Repeat the listing that comes next, leaving nothing out and changing nothing.

RECORDS SHOWN below:

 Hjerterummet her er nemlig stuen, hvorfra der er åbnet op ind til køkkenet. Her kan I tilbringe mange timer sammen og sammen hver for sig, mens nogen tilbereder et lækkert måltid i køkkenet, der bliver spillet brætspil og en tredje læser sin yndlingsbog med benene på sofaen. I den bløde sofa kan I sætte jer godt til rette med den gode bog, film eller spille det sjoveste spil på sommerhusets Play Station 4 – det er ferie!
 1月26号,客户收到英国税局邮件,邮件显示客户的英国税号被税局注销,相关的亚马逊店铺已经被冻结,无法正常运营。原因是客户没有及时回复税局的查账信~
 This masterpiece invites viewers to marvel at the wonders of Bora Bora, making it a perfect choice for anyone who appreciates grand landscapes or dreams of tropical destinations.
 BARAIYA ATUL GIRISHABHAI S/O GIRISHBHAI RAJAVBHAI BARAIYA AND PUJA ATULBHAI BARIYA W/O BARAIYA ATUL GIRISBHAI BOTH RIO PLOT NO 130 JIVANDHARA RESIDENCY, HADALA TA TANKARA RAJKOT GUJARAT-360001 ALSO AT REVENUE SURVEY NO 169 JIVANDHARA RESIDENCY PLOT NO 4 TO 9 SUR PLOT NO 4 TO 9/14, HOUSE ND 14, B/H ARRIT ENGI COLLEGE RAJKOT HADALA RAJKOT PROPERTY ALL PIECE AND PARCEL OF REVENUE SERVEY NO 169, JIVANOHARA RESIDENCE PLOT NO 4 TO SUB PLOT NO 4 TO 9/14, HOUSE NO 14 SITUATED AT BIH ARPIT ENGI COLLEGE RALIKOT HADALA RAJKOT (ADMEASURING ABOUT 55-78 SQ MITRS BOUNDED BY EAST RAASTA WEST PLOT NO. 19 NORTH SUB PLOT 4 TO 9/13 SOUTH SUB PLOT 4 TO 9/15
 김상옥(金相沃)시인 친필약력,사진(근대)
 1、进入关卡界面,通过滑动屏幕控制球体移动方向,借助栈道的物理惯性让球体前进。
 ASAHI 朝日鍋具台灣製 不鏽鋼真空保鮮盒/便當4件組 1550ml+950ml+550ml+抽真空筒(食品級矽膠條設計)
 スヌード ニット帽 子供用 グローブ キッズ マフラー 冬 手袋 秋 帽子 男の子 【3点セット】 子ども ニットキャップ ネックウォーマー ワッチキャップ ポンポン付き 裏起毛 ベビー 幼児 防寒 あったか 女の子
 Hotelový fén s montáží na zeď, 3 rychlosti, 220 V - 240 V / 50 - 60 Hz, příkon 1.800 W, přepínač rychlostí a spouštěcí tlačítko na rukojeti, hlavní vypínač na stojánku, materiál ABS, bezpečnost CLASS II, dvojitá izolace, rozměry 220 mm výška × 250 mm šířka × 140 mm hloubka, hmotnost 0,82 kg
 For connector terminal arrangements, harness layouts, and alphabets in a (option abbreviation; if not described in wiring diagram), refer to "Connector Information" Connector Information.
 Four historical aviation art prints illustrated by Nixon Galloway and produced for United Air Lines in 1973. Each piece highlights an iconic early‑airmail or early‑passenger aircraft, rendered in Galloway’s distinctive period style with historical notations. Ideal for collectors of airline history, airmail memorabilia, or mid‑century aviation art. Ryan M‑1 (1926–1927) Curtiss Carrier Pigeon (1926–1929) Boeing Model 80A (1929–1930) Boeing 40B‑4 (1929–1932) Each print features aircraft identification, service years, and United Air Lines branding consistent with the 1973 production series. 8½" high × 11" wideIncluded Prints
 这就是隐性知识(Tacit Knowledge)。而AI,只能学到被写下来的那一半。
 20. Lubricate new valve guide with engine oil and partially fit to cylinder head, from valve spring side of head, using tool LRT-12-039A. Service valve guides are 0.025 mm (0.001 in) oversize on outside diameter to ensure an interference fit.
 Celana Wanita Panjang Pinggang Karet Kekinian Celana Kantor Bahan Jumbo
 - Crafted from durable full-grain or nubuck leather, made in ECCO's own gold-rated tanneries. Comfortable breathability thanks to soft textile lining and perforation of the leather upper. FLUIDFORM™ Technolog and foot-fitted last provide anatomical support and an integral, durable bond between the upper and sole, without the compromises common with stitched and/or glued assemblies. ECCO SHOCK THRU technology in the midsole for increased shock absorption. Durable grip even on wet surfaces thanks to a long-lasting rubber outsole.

End of RECORDS SHOWN.

RESPONSE →
 Hjerterummet her er nemlig stuen, hvorfra der er åbnet op ind til køkkenet. Her kan I tilbringe mange timer sammen og sammen hver for sig, mens nogen tilbereder et lækkert måltid i køkkenet, der bliver spillet brætspil og en tredje læser sin yndlingsbog med benene på sofaen. I den bløde sofa kan I sætte jer godt til rette med den gode bog, film eller spille det sjoveste spil på sommerhusets Play Station 4 – det er ferie!
 1月26号,客户收到英国税局邮件,邮件显示客户的英国税号被税局注销,相关的亚马逊店铺已经被冻结,无法正常运营。原因是客户没有及时回复税局的查账信~
 This masterpiece invites viewers to marvel at the wonders of Bora Bora, making it a perfect choice for anyone who appreciates grand landscapes or dreams of tropical destinations.
 BARAIYA ATUL GIRISHABHAI S/O GIRISHBHAI RAJAVBHAI BARAIYA AND PUJA ATULBHAI BARIYA W/O BARAIYA ATUL GIRISBHAI BOTH RIO PLOT NO 130 JIVANDHARA RESIDENCY, HADALA TA TANKARA RAJKOT GUJARAT-360001 ALSO AT REVENUE SURVEY NO 169 JIVANDHARA RESIDENCY PLOT NO 4 TO 9 SUR PLOT NO 4 TO 9/14, HOUSE ND 14, B/H ARRIT ENGI COLLEGE RAJKOT HADALA RAJKOT PROPERTY ALL PIECE AND PARCEL OF REVENUE SERVEY NO 169, JIVANOHARA RESIDENCE PLOT NO 4 TO SUB PLOT NO 4 TO 9/14, HOUSE NO 14 SITUATED AT BIH ARPIT ENGI COLLEGE RALIKOT HADALA RAJKOT (ADMEASURING ABOUT 55-78 SQ MITRS BOUNDED BY EAST RAASTA WEST PLOT NO. 19 NORTH SUB PLOT 4 TO 9/13 SOUTH SUB PLOT 4 TO 9/15
 김상옥(金相沃)시인 친필약력,사진(근대)
 1、进入关卡界面,通过滑动屏幕控制球体移动方向,借助栈道的物理惯性让球体前进。
 ASAHI 朝日鍋具台灣製 不鏽鋼真空保鮮盒/便當4件組 1550ml+950ml+550ml+抽真空筒(食品級矽膠條設計)
 スヌード ニット帽 子供用 グローブ キッズ マフラー 冬 手袋 秋 帽子 男の子 【3点セット】 子ども ニットキャップ ネックウォーマー ワッチキャップ ポンポン付き 裏起毛 ベビー 幼児 防寒 あったか 女の子
 Hotelový fén s montáží na zeď, 3 rychlosti, 220 V - 240 V / 50 - 60 Hz, příkon 1.800 W, přepínač rychlostí a spouštěcí tlačítko na rukojeti, hlavní vypínač na stojánku, materiál ABS, bezpečnost CLASS II, dvojitá izolace, rozměry 220 mm výška × 250 mm šířka × 140 mm hloubka, hmotnost 0,82 kg
 For connector terminal arrangements, harness layouts, and alphabets in a (option abbreviation; if not described in wiring diagram), refer to "Connector Information" Connector Information.
 Four historical aviation art prints illustrated by Nixon Galloway and produced for United Air Lines in 1973. Each piece highlights an iconic early‑airmail or early‑passenger aircraft, rendered in Galloway’s distinctive period style with historical notations. Ideal for collectors of airline history, airmail memorabilia, or mid‑century aviation art. Ryan M‑1 (1926–1927) Curtiss Carrier Pigeon (1926–1929) Boeing Model 80A (1929–1930) Boeing 40B‑4 (1929–1932) Each print features aircraft identification, service years, and United Air Lines branding consistent with the 1973 production series. 8½" high × 11" wideIncluded Prints
 这就是隐性知识(Tacit Knowledge)。而AI,只能学到被写下来的那一半。
 20. Lubricate new valve guide with engine oil and partially fit to cylinder head, from valve spring side of head, using tool LRT-12-039A. Service valve guides are 0.025 mm (0.001 in) oversize on outside diameter to ensure an interference fit.
 Celana Wanita Panjang Pinggang Karet Kekinian Celana Kantor Bahan Jumbo
 - Crafted from durable full-grain or nubuck leather, made in ECCO's own gold-rated tanneries. Comfortable breathability thanks to soft textile lining and perforation of the leather upper. FLUIDFORM™ Technolog and foot-fitted last provide anatomical support and an integral, durable bond between the upper and sole, without the compromises common with stitched and/or glued assemblies. ECCO SHOCK THRU technology in the midsole for increased shock absorption. Durable grip even on wet surfaces thanks to a long-lasting rubber outsole.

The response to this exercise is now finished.